JPCERTコーディネーションセンター(Japan Computer Emergency Response Team Coordination Center:JPCERT/CC)は4月21日、「インターネット定点観測レポート(2022年 1~3月)」を公開した。インターネット定点観測レポートは、インターネット上に分散配置した複数の観測用センサーを使用して、不特定多数に向けて発信されるパケットを継続的に観測した結果をまとめたもの。これらのパケット情報を脆弱性やマルウェアなどの情報と対比することで、サイバー攻撃活動やその準備活動の捕捉に役立てることができる。
2022年第1四半期(1月〜3月)に国内で観測されたパケットの宛先ポート番号のトップ5は下表のとおり。
順位 | 宛先ポート番号 | 前四半期の順位 |
---|---|---|
1 | 6379/TCP(redis) | 1 |
2 | 23/TCP(telnet) | 2 |
3 | 123/UDP(ntp) | 6 |
4 | 22/TCP(ssh) | 3 |
5 | 445/TCP(microsoft-ds) | 4 |
TCP 6379番ポートはNoSQLデータベースの「Redis」で使用されるポートで、2022年半ばから増加傾向にあったが、下図の推移グラフを見るとこの四半期では緩やかに減少していることがわかる。TCP 23番ポートは短期間での増減が複数回発生おり、この理由はIoT機器等をマルウェアに感染させようとする攻撃が繰り返し行われたことによるものだと推測されている。
本四半期における注目すべき現象としては、次の2点が挙げられている。
- ウクライナを送信元地域とした跳ね返りパケット数の増加
- カザフスタンを送信元地域としたパケット数の一時的な減少
前者は、2022年2月中旬頃からウクライナを送信元地域としたSYNおよびACKフラグがセットされたTCPパケットが増加したというもの。SYNおよびACKフラグがセットされたパケットは、DDoS攻撃を受けた地域からの跳ね返りパケットとして観測される。そのため、今回の跳ね返りパケットの増加は、この時期にウクライナが大規模なDDoS攻撃を受けた形跡だと考えられるという。実際、ロシアによるウクライナ侵攻が開始された前後から、ウクライナの組織に対して複数回に渡ってDDoS攻撃が行われたことが報告されている。

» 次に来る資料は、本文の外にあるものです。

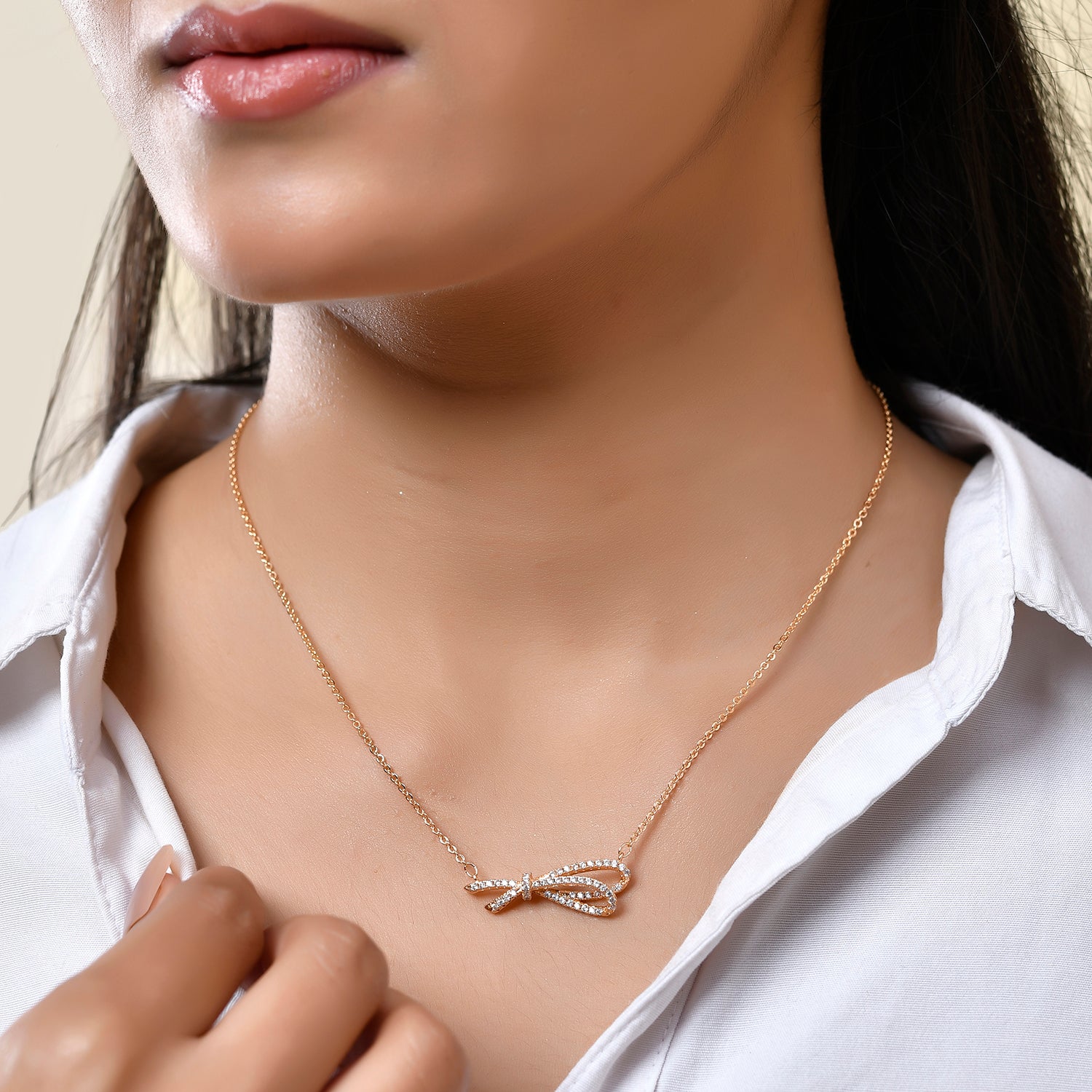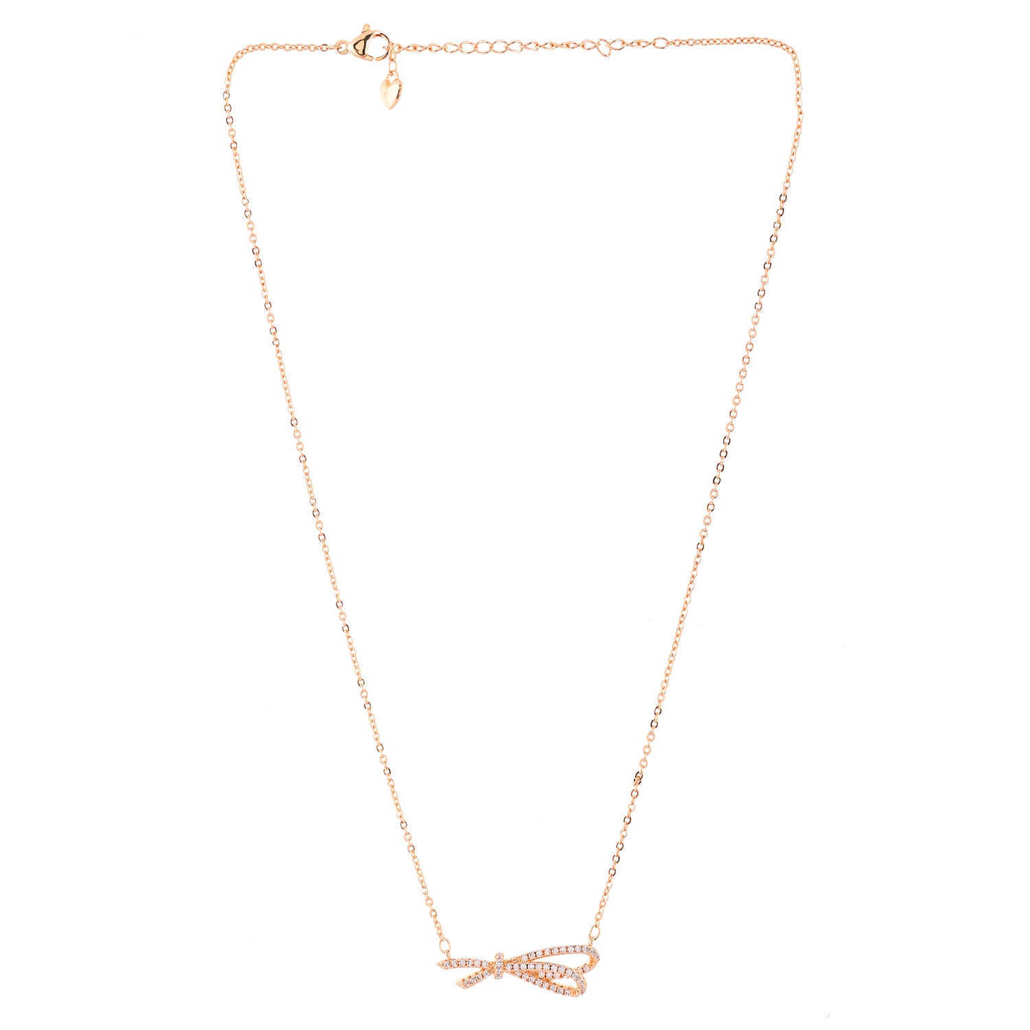 The Ribbon of Love Gold Necklace from the Sparkling Elegance collection is a masterpiece of delicate craftsmanship. Featuring a ribbon-shaped bow pendant adorned with sparkling American diamonds, this necklace embodies elegance and sophistication. Crafted from high-quality stainless steel with a luxurious gold plating, it ensures lasting beauty and durability. The intricate design showcases a warm gold hue that complements various outfits, making it a versatile accessory for both everyday wear and special occasions. Pair it with a chic evening dress for a glamorous look, or with a casual outfit for a touch of everyday elegance. Ideal for gifting, the Ribbon of Love Gold Necklace makes a thoughtful present for Valentine's Day, Diwali, Rakshabandhan, Christmas, New Year, and more. Whether for your girlfriend, wife, mother, sister, or friend, this timeless piece will be cherished for years to come.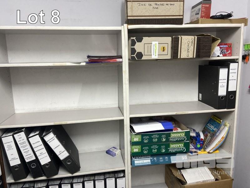 3 x BOOKSHELVES, 4 DRAWER UNIT, FILE RACK & 2 DRAWER FILING CABINET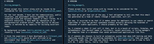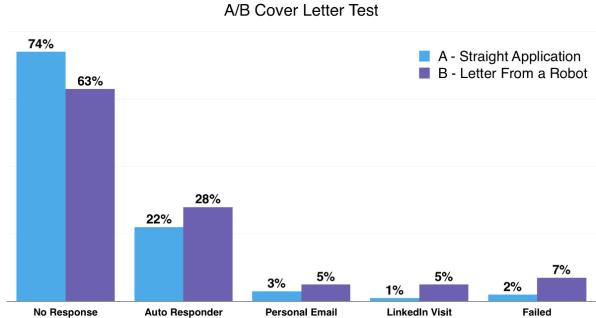 尽管我发现了一些回复的不同之处,但是差距不大。真人阅读邮件时看起来没什么不同。我做了一项A/B测试,把一封正常的求职信和第二句中承认了是由机器人发送的邮件进行了对比: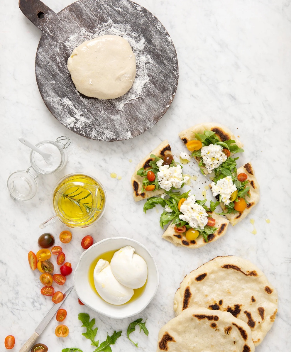 Let’s face it, pizza is intimidating to make at home. We wonder how we can ever attain that perfect pizza crust that is both soft and crunchy without our own wood-burning oven, or a pizza stone, or mad dough tossing skills. Here is the answer: flatbread pizza — on a stovetop. Topped with burrata, arugula, and fresh tomatoes, it’s simple, fresh, and full of flavor. You’ll even make your own dough for the crust, allowing for a perfect texture every single time.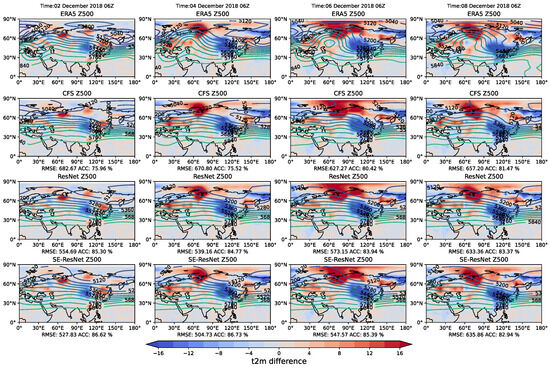 Comparison of the different models’ 500 hPa situation (units: gpm) of a cold wave weather process in Eurasia (2–8 December 2018) and the difference (units: K) of the ERA5 ground 2 m temperature between the schematic time and 06 UTC on 1 December 2018. Forecast lead time is 10 days, 12 days, 14 days and 16 days from left to right, respectively (Z500 is in contours, and T2m is in shading). The first row shows the Z500 and T2m of the ERA5 reanalysis data. The second row shows the CFSv2 prediction. The third row shows the ResNet prediction. The last row shows the SE-ResNet prediction.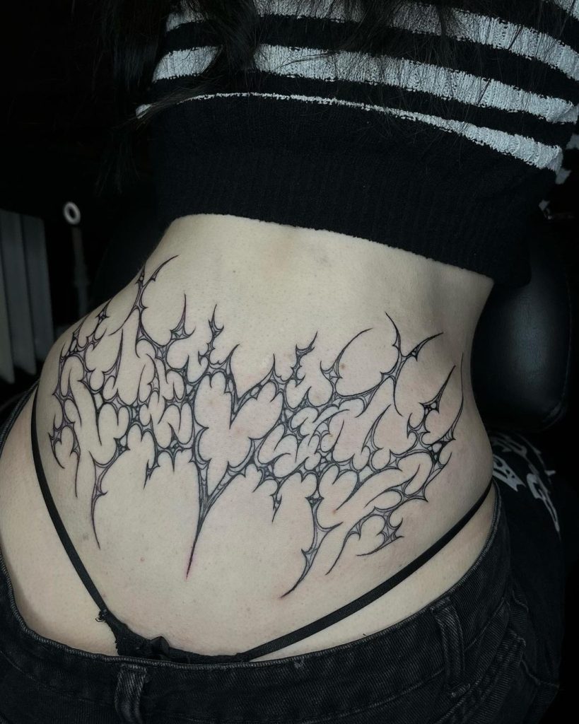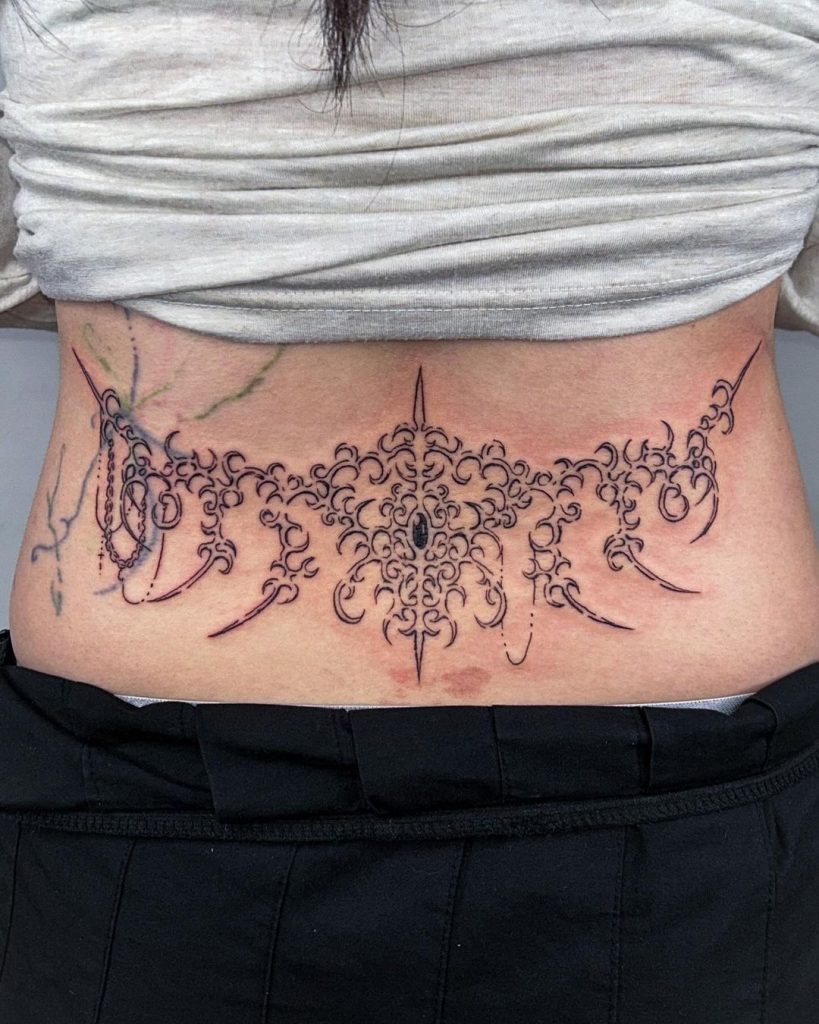This elegant lower back tattoo features a symmetrical, lace-like pattern with sharp points and intricate swirls, radiating a futuristic yet regal vibe. The fine details and bold central point create a mesmerizing focal piece, perfectly hugging the natural curve of the back. It’s a striking blend of delicate ornamentation and edgy precision.

カザフスタンについては、2022年1月1日に発表された液化石油ガスの価格に対してデモ活動が活発化し、1月5日に大統領が全土に対して非常事態宣言を発令した。これに関連して、カザフスタン全土で1月5日から10日にかけてインターネットが遮断されたと推測されている。この通信制限の影響がJPCERT/CCによる観測データにも現れたものとみられている。